2. Lorsqu'une personne sollicite le versement d'une indemnité en réparation du préjudice subi du fait de l'illégalité d'une décision administrative entachée d'incompétence, il appartient au juge administratif de rechercher, en forgeant sa conviction au vu de l'ensemble des éléments produits par les parties, si la même décision aurait pu légalement intervenir et aurait été prise, dans les circonstances de l'espèce, par l'autorité compétente. Dans le cas où il juge qu'une même décision aurait été prise par l'autorité compétente, le préjudice allégué ne peut alors être regardé comme la conséquence directe du vice d'incompétence qui entachait la décision administrative illégale.
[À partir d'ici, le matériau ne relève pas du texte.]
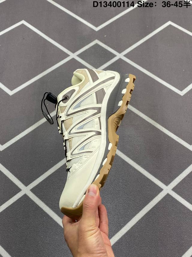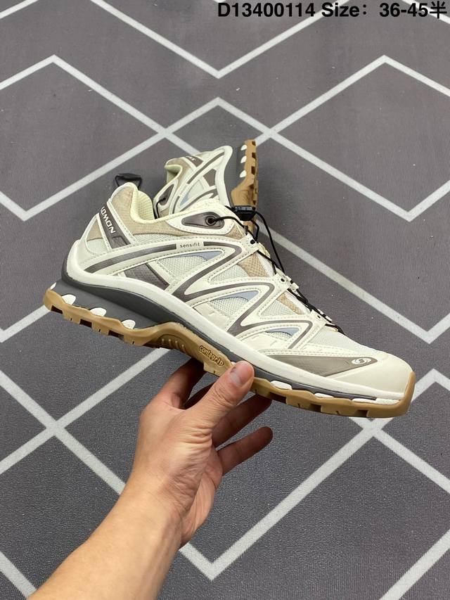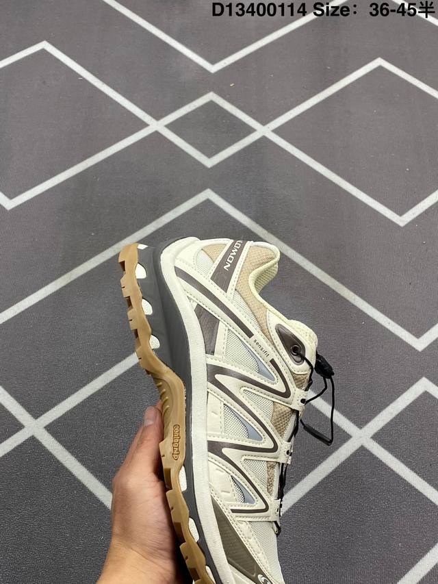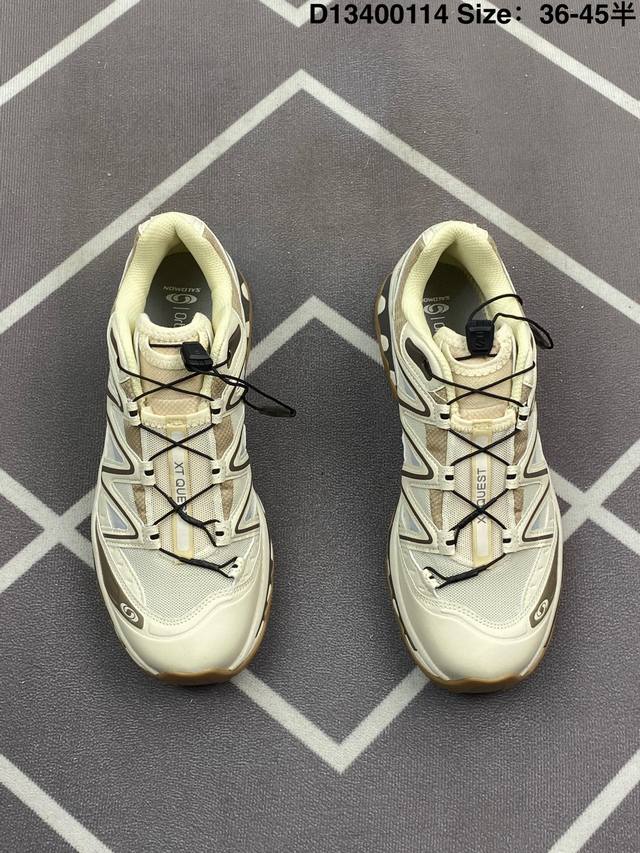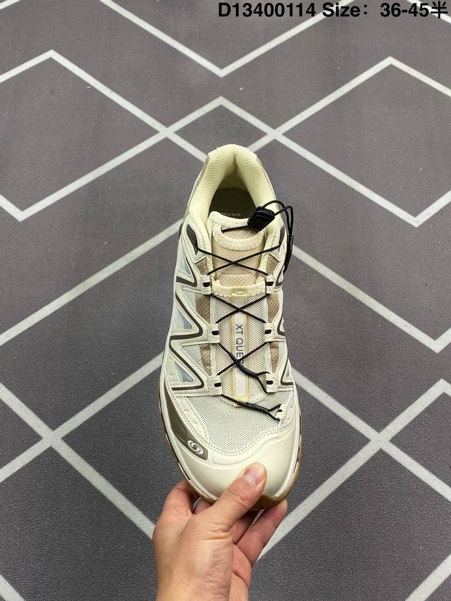 Salomon Xt-Quest Adv ” 3411Beige “ 萨洛蒙 探索者系列户外越野跑鞋 鞋面采用Sensifit贴合技术 全方位贴合包裹脚型 鞋跟部鞋底牵引设计 提供强大的抓地性能 更适应野外崎岖不平的道路 其3D Advanced Chassis底盘 材料轻量大化 钉齿设计更具稳定性、防护性 鞋底易磨损区运用Contagrip高耐磨材料 应对城市硬质路面长距离跑考验

3. Selon l'article L. 251-8 du code rural et de la pêche maritime, dans sa rédaction applicable au litige : " I. - Le ministre chargé de l'agriculture peut prescrire par arrêté les traitements et les mesures nécessaires à la prévention de la propagation des organismes nuisibles inscrits sur la liste prévue à l'article L. 251-3. Il peut également interdire les pratiques susceptibles de favoriser la dissémination des organismes nuisibles, selon les mêmes modalités. / II. - En cas d'urgence, les mesures ci-dessus spécifiées peuvent être prises par arrêté préfectoral immédiatement applicable. L'arrêté préfectoral doit être soumis, dans la quinzaine, à l'approbation du ministre chargé de l'agriculture ". L'article 1er de l'arrêté ministériel du 31 juillet 2000 établissant la liste des organismes nuisibles aux végétaux, produits végétaux et autres objets soumis à des mesures de lutte obligatoire énonce que " la lutte contre les organismes nuisibles mentionnés en annexe A du présent arrêté est obligatoire, de façon permanente, sur tout le territoire métropolitain ou dans les départements d'outre-mer, dès leur apparition, et ce quel que soit le stade de leur développement et quels que soient les végétaux, produits végétaux et autres objets sur lesquels ils sont détectés ". Cet arrêté a inscrit le Plum Pox Virus à l'origine de la maladie de la Sharka à son annexe A. Le virus de la Sharka est ainsi considéré comme un organisme nuisible, contre lequel la lutte est obligatoire, dès son apparition et de façon permanente.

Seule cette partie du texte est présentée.